Work required
No pictures belong in the answer. Repeat all the entries exactly.
Provided information section start
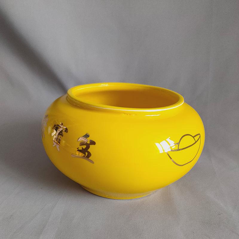黄色聚宝盆陶瓷罐子摆件无盖带盖都D有,招财进宝铜钱元宝图可绑绳
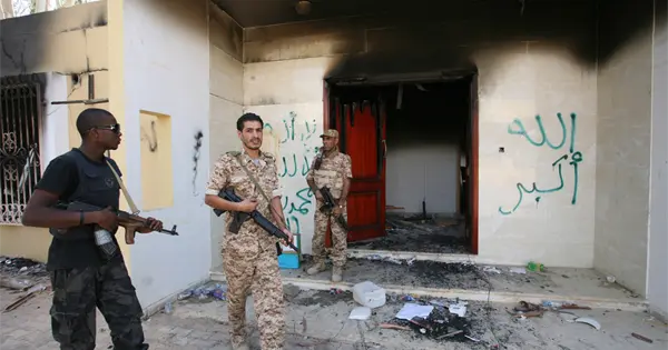 La noche del 11 de septiembre de 2012, según han dicho funcionarios estadounidenses, al menos 20 militantes armados con AK-47 y lanzagranadas irrumpieron en la puerta del complejo consular y prendieron fuego a los edificios. El incendio provocó la muerte del embajador Stevens y del empleado del Departamento de Estado Sean Smith.
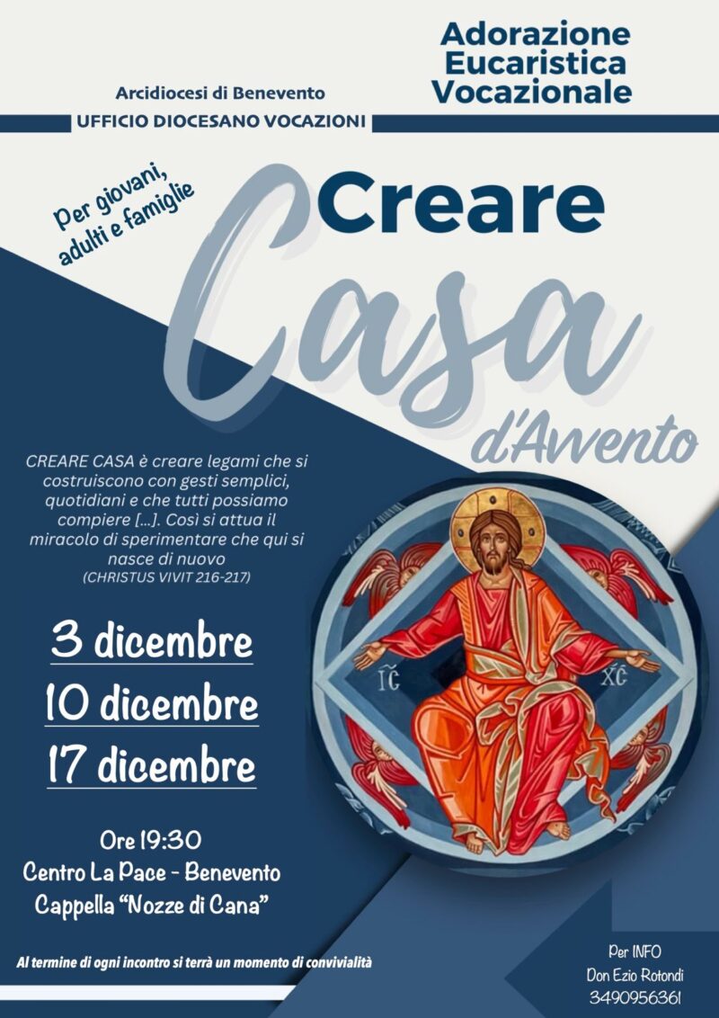 L’Ufficio diocesano Vocazioni di Benevento, diretto da don Ezio Rotondi, ha programmato tre incontri di adorazione eucaristica vocazionale dal titolo: “Creare casa d’Avvento”. Gli incontri si terranno il 3, 10 e 17 dicembre 2023 alle ore 19,30 al Centro la Pace di Benevento.
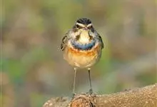 蓝点颏亦称“蓝喉歌鸲”,通称蓝靛颏儿。身体大小和麻雀相似,体长12-13厘米,体重17-18克。头部、上体主要为土褐色。眉纹白色。尾羽黑褐色,基部栗红色。颏部、喉部辉蓝色,下面有黑色横纹。下体白色。…全部>>
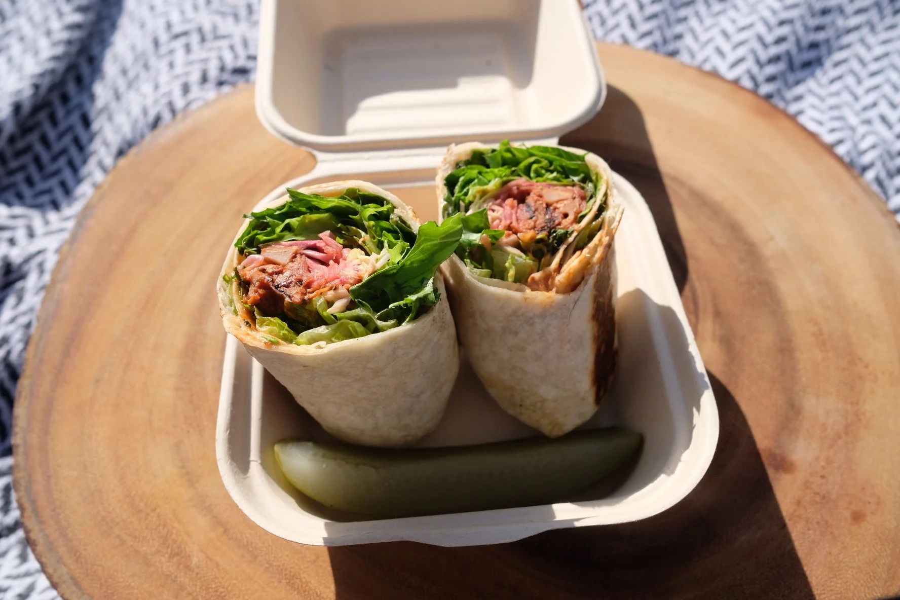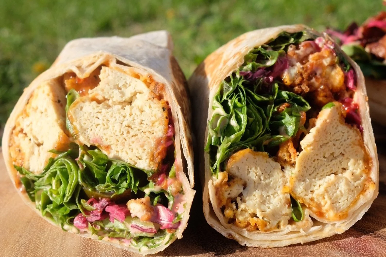 Our hand breaded crunchy vegan fried mayo, chili sauce, jalapeno peppers and cabbage slaw all wrapped in a flour tortilla, served with a dill pickle.
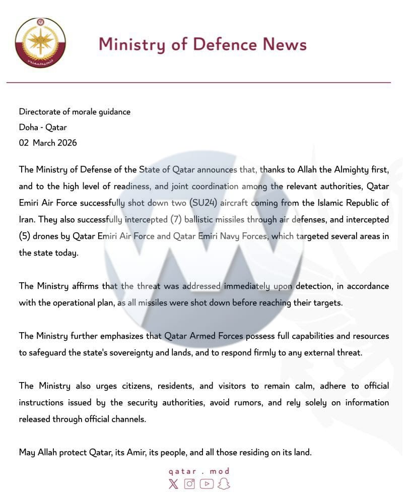 Qatar’s Ministry of Defense reports that its Air Force has shot down 2 Iranian Su-24 aircraft.
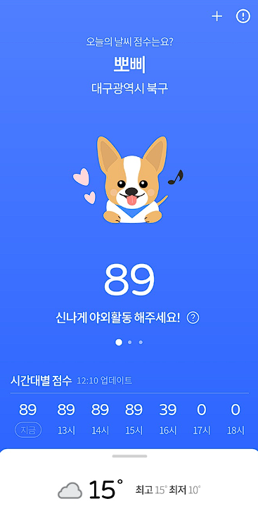 애견의 나이, 성별 및 종류와 특성을 입력하면 현재 날씨에 야외 활동을 진행하여도 되는 지에 대해 점수로 알려드립니다.
Provided information section end
Task result
黄色聚宝盆陶瓷罐子摆件无盖带盖都D有,招财进宝铜钱元宝图可绑绳
 La noche del 11 de septiembre de 2012, según han dicho funcionarios estadounidenses, al menos 20 militantes armados con AK-47 y lanzagranadas irrumpieron en la puerta del complejo consular y prendieron fuego a los edificios. El incendio provocó la muerte del embajador Stevens y del empleado del Departamento de Estado Sean Smith.
 L’Ufficio diocesano Vocazioni di Benevento, diretto da don Ezio Rotondi, ha programmato tre incontri di adorazione eucaristica vocazionale dal titolo: “Creare casa d’Avvento”. Gli incontri si terranno il 3, 10 e 17 dicembre 2023 alle ore 19,30 al Centro la Pace di Benevento.
 蓝点颏亦称“蓝喉歌鸲”,通称蓝靛颏儿。身体大小和麻雀相似,体长12-13厘米,体重17-18克。头部、上体主要为土褐色。眉纹白色。尾羽黑褐色,基部栗红色。颏部、喉部辉蓝色,下面有黑色横纹。下体白色。…全部>>
 Our hand breaded crunchy vegan fried mayo, chili sauce, jalapeno peppers and cabbage slaw all wrapped in a flour tortilla, served with a dill pickle.
 Qatar’s Ministry of Defense reports that its Air Force has shot down 2 Iranian Su-24 aircraft.
 애견의 나이, 성별 및 종류와 특성을 입력하면 현재 날씨에 야외 활동을 진행하여도 되는 지에 대해 점수로 알려드립니다.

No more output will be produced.